Warga sekitar Katulampa, lanjut Es, waktu itu masih agak kurang memedulikan kebersihan lingkungan kampung mereka. Sampah rumah tangga berserakan. Ada tempat sampah, tetapi sampahnya tak dibawa ke tempat penampungan. Pemerintah kota hanya menghibahkan dua gerobak sampah.
Memperhatikan hal itu, Lutfi Kurnia alias Uut (38) tergerak mendampingi pemuda-pemudi Kampung Katulampa. Uut adalah salah seorang tokoh kemasyarakatan Bogor yang sebelumnya sudah membentuk Komunitas Bogor Clean Action. Selama sekitar tiga bulan pada 2014, Uut mengorganisasi para kaum muda kampung itu.
Aksi pertama mereka terjadi pada 22 April 2014, bertepatan dengan peringatan Hari Bumi. Uut mengajak pegiat komunitas lain di Bogor untuk membersihkan sungai yang mengaliri Kampung Katulampa dari sampah. Sekitar 200 anak muda terlibat kegiatan itu.
Kegiatan itu cukup membekas bagi para pemuda setempat, seperti Es dan Jaenal Arifin (24), serta Muhammad Rizal (21).
Peduli Katulampa
Akhirnya, para pemuda itu berikrar membentuk Komunitas Peduli Katulampa alias Kompak pada 5 Mei 2015. Jadilah kaum muda kampung itu, seperti yang diakui Hamdi, sering nongkrong hingga larut malam, punya kegiatan yang jauh memberi dampak positif bagi lingkungan tempat tinggalnya.

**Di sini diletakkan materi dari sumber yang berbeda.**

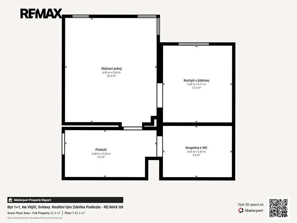 Plocha bytu je 59 m2 včetně zděného sklepa 3,8 m2, který je umístěn ve snížením přízemí. Byt je bezbariérový. Je umístěn v přízemí domu s přístupem bez nutnosti překonat výškovou překážku, má širší vstupní i interiérové dveře, prostorné zádveří a velkou koupelnu. Orientace bytu je na východ.
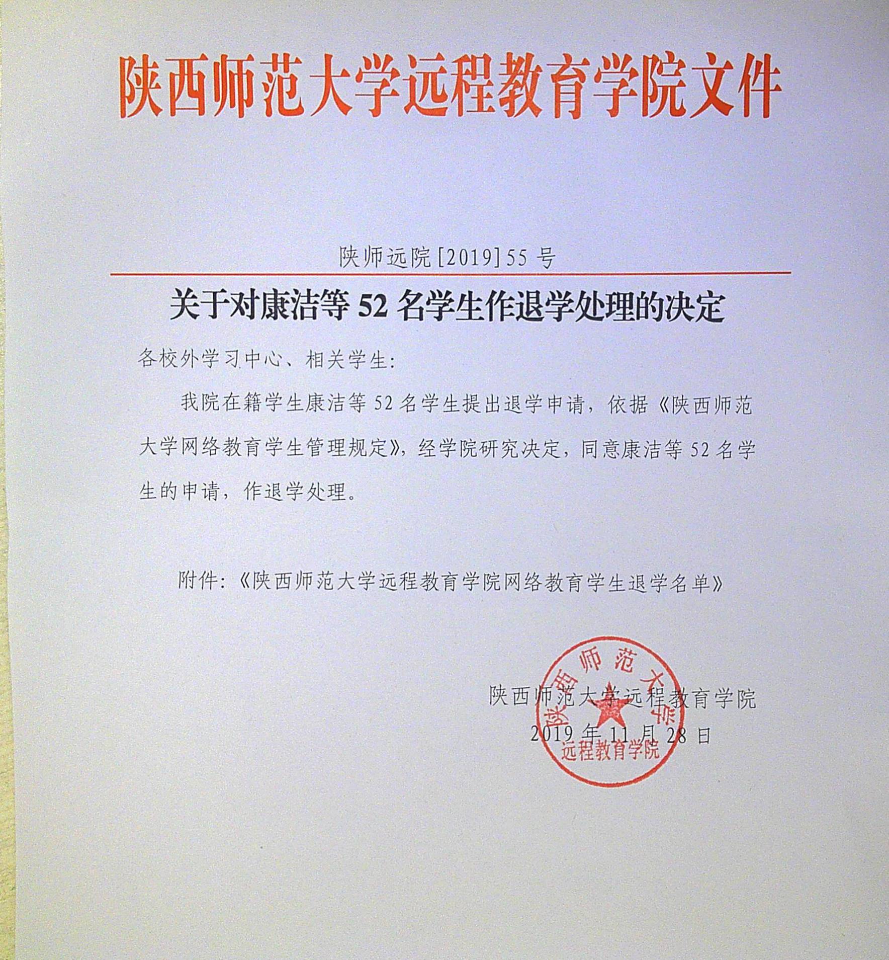 关于对康洁等52名学生作退学处理的决定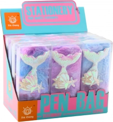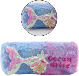 Plyšové puzdro s morskou pannou, ideálne pre deti, ktoré milujú more a jeho tajomstvá. Kombinácia jemných pastelových farieb, bielej chvostovej plutvy s flitrami a mušľami tvorí jedinečný doplnok školských potrieb.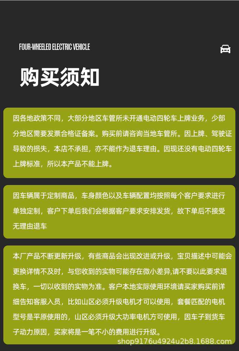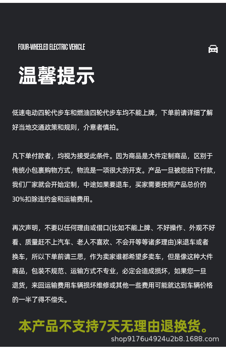 本厂产品会一直不断地求进不断的更新,发出的车辆均为最新款,有时会与宝贝详情图片略有不同,如:车身贴花、内饰颜色、中控样式等,请您放心车辆功能不会减少,品质更不会降低,我们一直追求的是精益求精,本店不接受因车辆升级产生微小变化而产生的退换货。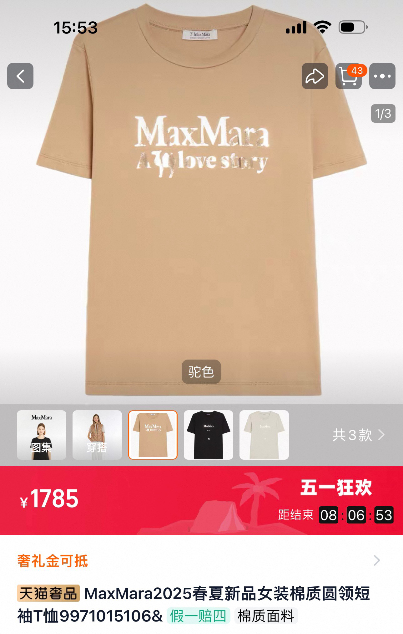 ⚠️MaxMara 三款烫金工艺T恤 “双面烫金款”“小字母款”“大字母烫金款”越南代工厂订单剩余回货,个别颜色尺码数量不多,喜欢的拼手速 看好尺码表抓紧囤吧!

”Setiap orang pasti punya potensi, termasuk para pemuda Katulampa,” kata Uut.
Kegiatan rutin Kompak adalah memunguti sampah rumah tangga. Mereka menggunakan gerobak sampah sumbangan ketua RW berkeliling lingkungan setiap malam. Sampah-sampah itu dibawa ke tempat pembuangan sementara.
”Siapa saja yang ada di pos, dia ikut kerja,” kata Es. Ada sekitar 15 orang yang tergabung di Kompak. Setiap malam bisa tujuh atau delapan orang yang keliling memunguti sampah.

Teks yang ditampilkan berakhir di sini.